Din ulu bir kaledir!
Cenâb-ı Allah ile; O’nun lütuf ve inayetiyle, rahmet ve mağfiretiyle buluşmak saadettir. Efendimiz Hazreti Muhammed Kuran okuyanların üzerine sekînet ve ferahlığın indiğini, Allah’ın rahmetinin onları kapladığını ve meleklerin etraflarını kuşattığını haber vermiştir.
Kalp Çarpıntısının Şifası
Kalp çarpıntılarının şifası Kuran-ı Kerim’dir. Helali haramı, doğruyu yanlışı, güzeli çirkini, dünya ahiret birlikteliğini elbet Kuran’dan öğreneceğiz. Mesela Kur’an-ı Kerim “Allah tövbe edenleri sever” diyor, o zaman hemen tövbe edeceğiz. “Allah kibirli ve gururlu olanları sevmez” diyor, o vakit kibir ve gururdan vazgeçeceğiz.
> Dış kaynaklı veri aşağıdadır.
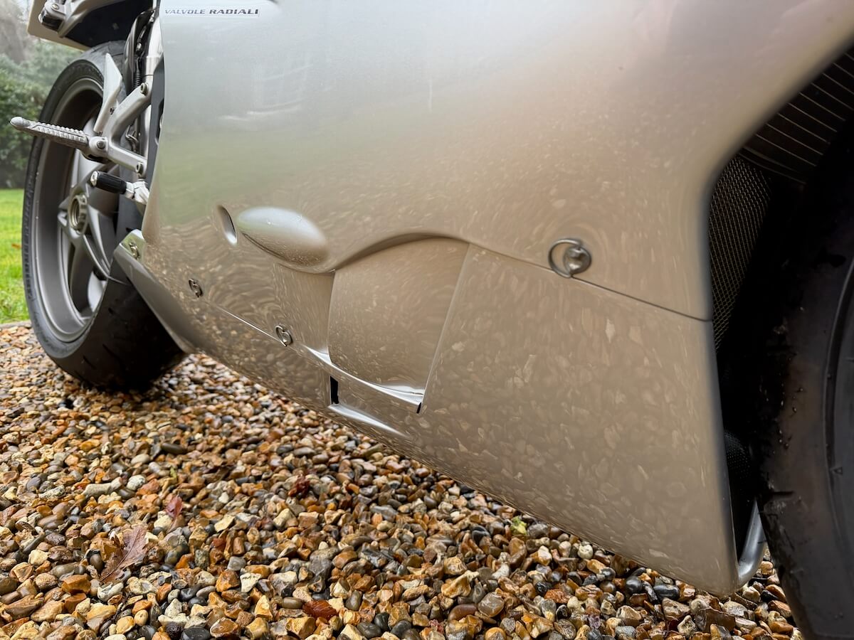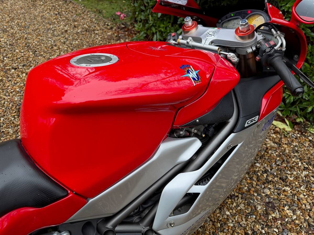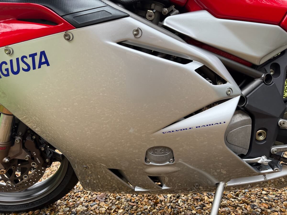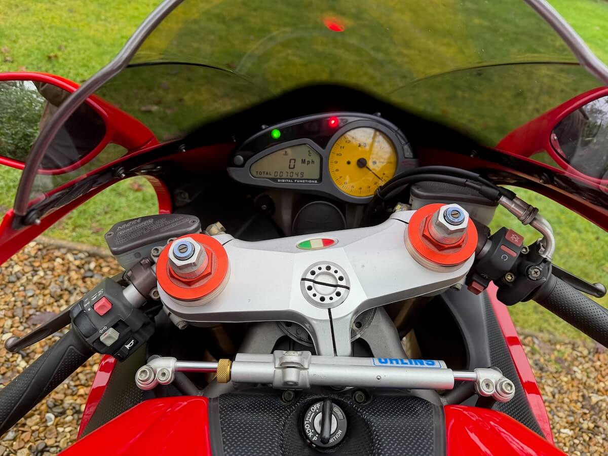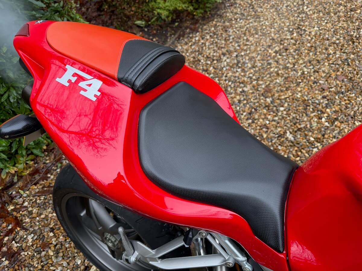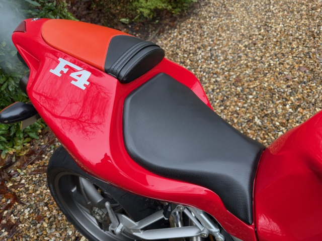 A very tidy example of the iconic F4S with very low mileage and a well documented early history. This early UK machine #191 was pre-ordered in October 1999, invoiced by Three Cross (importers) to Baines Racing (official dealer) in July 2000 and first registered in March 2001. It has been owned and loved by only two owners from new and they are good friends so provenance and ownership history is strong. Very rarely used in recent years but maintained and well looked after although there are a few litte knocks and scuffs as you can see, mostly from the garage, certainly never crashed and the paintwork is all original. In fact all of it is, including the rare dual seat option which was specified from new and well documented. Everything works perfectly and it will come with a new MOT for the new owner. New Bridgestone hypersport tyres were fitted a few years ago and are almost unworn. I will ride it and report back but it starts instantly, revs cleanly and idles smoothly so all is looking and sounding very good indeed. The video was taken on a cold damp day and even though the engine was warmed carefully the exhaust is still clearly visible – it is not smoke, it does not smoke. And doesn’t it look good? Tamburini styling at it’s 916 best, still looking fresh and modern over a quarter of a century after it was created. Art.

İbadet maksadıyla Kur’an-ı Kerim okumak başlı başına sevaptır, bu konuda yapılacak iğvalara itibar edilmemelidir. Müslümanların Kur’an-ı Kerim’in mânâsıyla buluşması, onu anlaması ve onunla amel etmesi arzuların en büyüğü olmakla birlikte memleketimizin özel şartlarının bu ideali zirveye taşımakta yetersiz olduğu da unutulmamalıdır.
Kur’an-ı Kerim’i yüzünden okumayı başka ibadetlerle karıştırmamak gerekir.
Mânâ anlaşılması, meal ve tefsirlerin yaygınlık kazanması için daha biraz zamana ihtiyaç var. Dalgalanmaların bitmediği günümüzde bu ulvi çabanın da kendi mecrasını bulacağı günlerin uzak olmadığını düşünüyorum.
Haydi, ne duruyorsunuz hep birlikte bir Yasin-i Şerif okuyalım!